I'm a software engineer who works on game development part time. I teach game development (on gamedev.stackexchange.com and lynda.com). I'm always working on something, and I'll post updates here. Let me know if there's a game development topic you want to know more about, I probably know the answer, or at least where to get one.

Tuesday, May 14, 2013

The uphill physics push

I've been working on (and sometimes avoiding) physics improvements in AoG. I wanted to start turning on physics for more entities. I've had physics implemented for material blocks and the terrain for a while using the Bullet Physics library. Turning on physics for other entities showed me more issues with my physics that needed fixing and so the list of things to do grew.



One issue that showed up was ramps and stairs were not properly implemented in the terrain physics. After some drawn out attempts to get ramps and stairs working with my previous strategy. I found that my previous strategy for terrain physics wasn't cutting it. It was a bit too "hacky" to get consistent good results for terrain shapes that weren't cubes. So, I changed the terrain physics to use the BvhTriangleMeshShape in Bullet Physics. This has the benefit of using the same triangles that visually represent the terrain to also physically represent the terrain.


The yellow triangles represent the physics shape. More details on the implementation of that over on the gamedev stackexchange.

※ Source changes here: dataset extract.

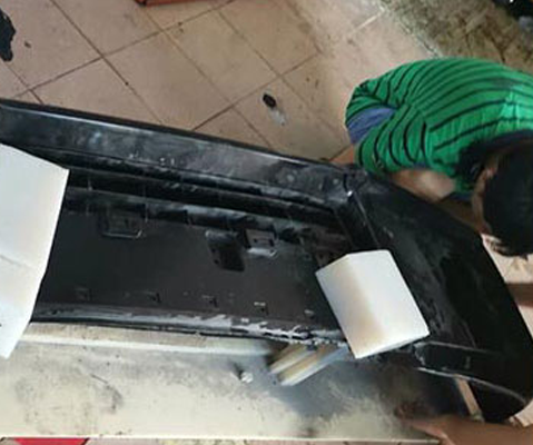 将配好的胶沿一固定灌注点缓慢浇注,用真空机抽好真空。
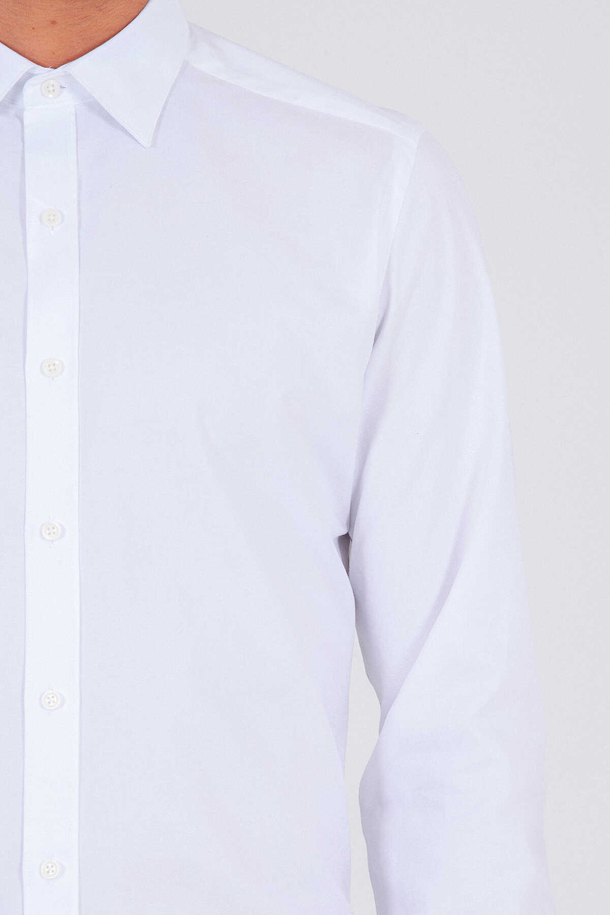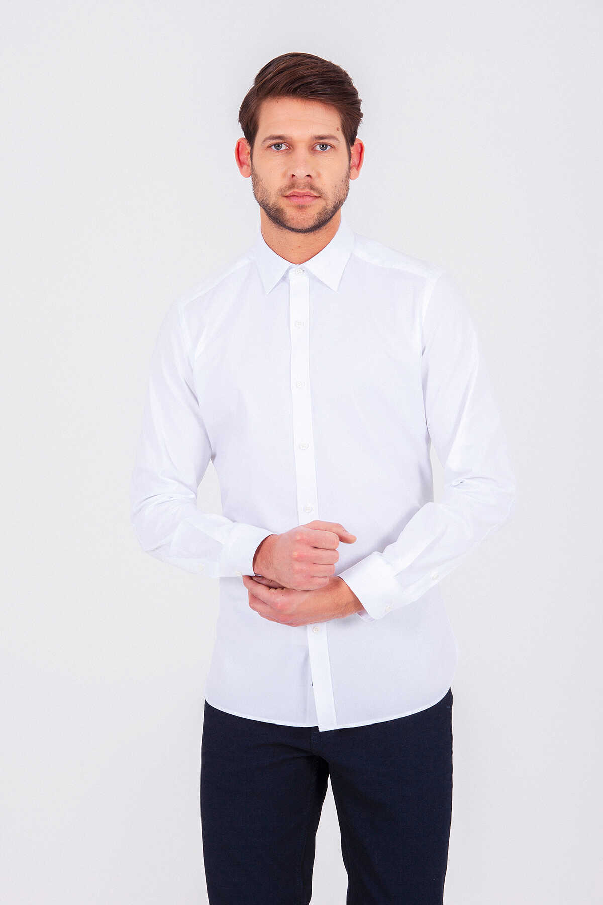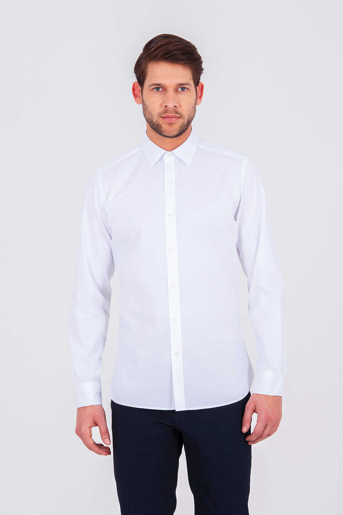 Beyaz Slim Fit 100% Pamuk Uzun Kol Spor Gömlek

Now that I had an accurate (and fast!) representation of the world in physics, I needed to implement some other features:

Collision filtering- I wanted Goblins to be able to pass through some entities, or the player will be left watching their Goblins bump into everything (which makes me think of Supreme Commander when you're trying to get your commander to run away from the approaching Spiderbot and he's just bumping into the engineers around him and now the Spiderbot's Heavy Microwave Laser is cooking your commander and nuclear explosion, gah!). Now Goblins can pass through each other but still collide with structures and terrain.

Soft collisions- I wanted Goblins to pass through each other, but I also wanted them to avoid each other. I don't want them all stopping in the same place and stacking up. This was kind of simple with collision filtering already implemented. Since collision filters still detect collisions but don't react, this was just doing some further filtering to react differently to some collisions. Now a small force is applied to entities that are soft colliding.

Ray casting- I use rays to cast out in front of entities when they're moving to detect objects in front of them. I can use these rays to get repel vectors for steering away from obstacles before running into them. The neat thing is the rays can use the same filtering information from above, so entities can hard steer away from objects they collide with, and soft steer away from soft collisions.

Along with new features I've been working on fixing weird physics bugs. Objects falling through the terrain, entities suddenly getting extreme velocity... regular stuff?

So progress continues. It's been a little slower lately since other things have come up. Such is the progress of a "in my free time" game I suppose. Thanks for reading.